Nous regardâmes notre montagne. Son aspect n’était guère encourageant. L’arête qui conduisait au sommet formait une crête pointue, ornée d’une palissade d’aiguilles en miniature, dont la base était bordée d’épais bancs de neige fortement inclinés, qui descendaient, d’un côté, au glacier de Saleinoz, de l’autre au glacier du Chardonnet. C’eût été, en toutes circonstances, une entreprise fort difficile que d’escalader cette Aiguille par un pareil chemin. « Renoncez-y, » conseillait la prudence. La prudence l’emporta sur la vaillance. Moore et Almer traversèrent le col du Chardonnet pour se rendre à Orsières, et nous, nous retournâmes à Chamonix.

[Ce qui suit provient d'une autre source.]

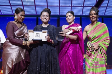 B - Cérémonie de clôture du 77ème Festival International du Film de Cannes au Palais des Festivals à Cannes (Chhaya Kadam, Payal Kapadia, Divya Prabha, Kani Kusruti)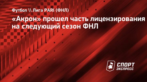 По его итогам было принято решение признать соответствие «Акрона» критериям лиги и рекомендовать РФС рассмотреть вопрос о выдаче лицензии РФС 2, которая дает право сыграть в чемпионате ФНЛ в следующем сезоне.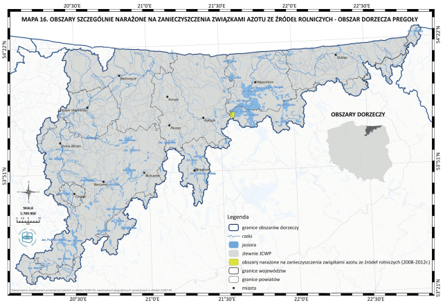* Mapa 16. Obszary szczególnie narażone na zanieczyszczenia związkami azotu ze źródeł rolniczych - obszar dorzecza Pregoły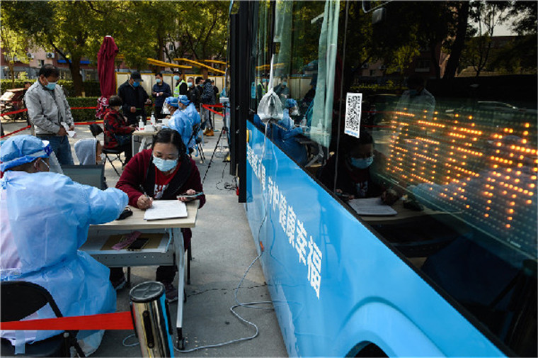10月25日,大兴区旧宫镇的居民在接种疫苗加强针。新华社记者 李欣 摄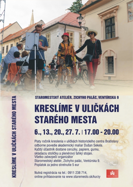 Piaty ročník kreslenia v uličkách historického centra Bratislavy odborne povedie akademický maliar Dušan Sekela. Každý účastník dostane ceruzky, papiere, gumu, skladaciu stoličku a plenérový ľahký stojan.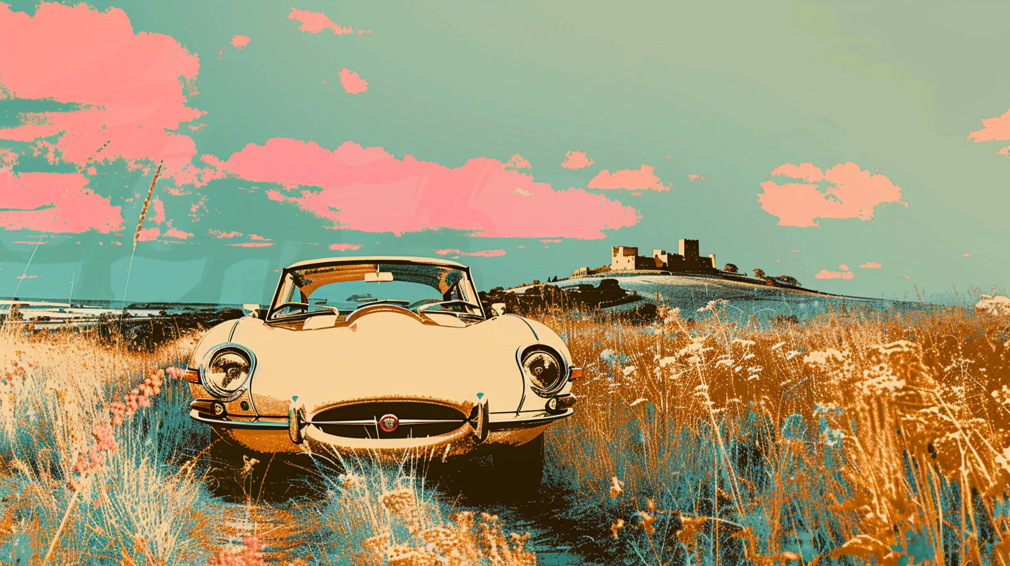 PANORAMIC - JAG E 1969 in A TUSCANY SUNNY LANDSCAPE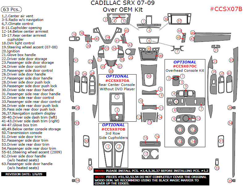 Cadillac SRX 2007, 2008, 2009, Interior Kit, Over OEM Kit, 63 Pcs.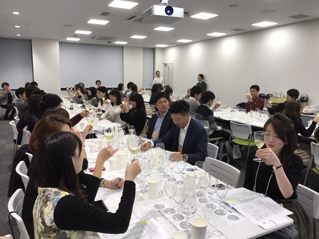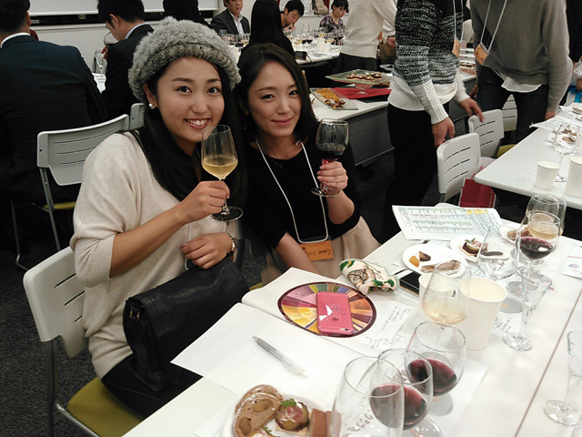 後半のワインセミナーでは、ソムリエを迎え、参加者はワインに関する知識を深めた。多忙ななか、寺内会長にもご参加いただいた。残念ながら、未成年の学生は試飲することはできなかったが、ワインの歴史や分類、そして、明日にでも披露することができるテイスティングの方法・ラベルの見方などを学んだ。20歳以上の参加者は試飲を行い、味の違いを楽しみながらワインを勉強した。中には、顔を真っ赤にしながら懸命に飲み比べを楽しんでいる人もおり、参加者の顔が満足で満たされるセミナーとなった。

Mais à peine avions-nous franchi une faible distance que le démon qui pousse les hommes à grimper sur les montagnes nous inspira l’idée de nous arrêter et de jeter un regard en arrière sur l’Aiguille d’Argentière. Le ciel était sans nuages ; aucun vent ne se faisait ni sentir ni craindre ; il n’était que huit heures du matin ; et là, droit devant nous, un autre bras du glacier remontait bien haut dans la montagne, bien au-dessus du col du Chardonnet, et de plus, un joli petit couloir s’élevait de son extrémité supérieure presque jusqu’au sommet du pic. Le chemin était évidemment tout indiqué. Nous fîmes soudain volte-face et nous le suivîmes.

Le glacier était passablement escarpé, mais le couloir de neige l’était bien davantage. Il nous fallut tailler sept cents pas dans la neige. À ce moment, le couloir devint trop escarpé. Nous dûmes suivre les rochers sur sa gauche, et nous finîmes par gagner l’arête, à un point élevé d’environ 450 mètres au-dessus du col. Nous tournâmes alors à droite pour suivre l’arête, en montant sur la neige, un peu au-dessous de la crête, du côté du glacier de Saleinoz. Là, nous retrouvâmes le vent glacé ; mais aucun de nous ne songea à battre en retraite, puisque nous n’étions plus qu’à 75 mètres du sommet.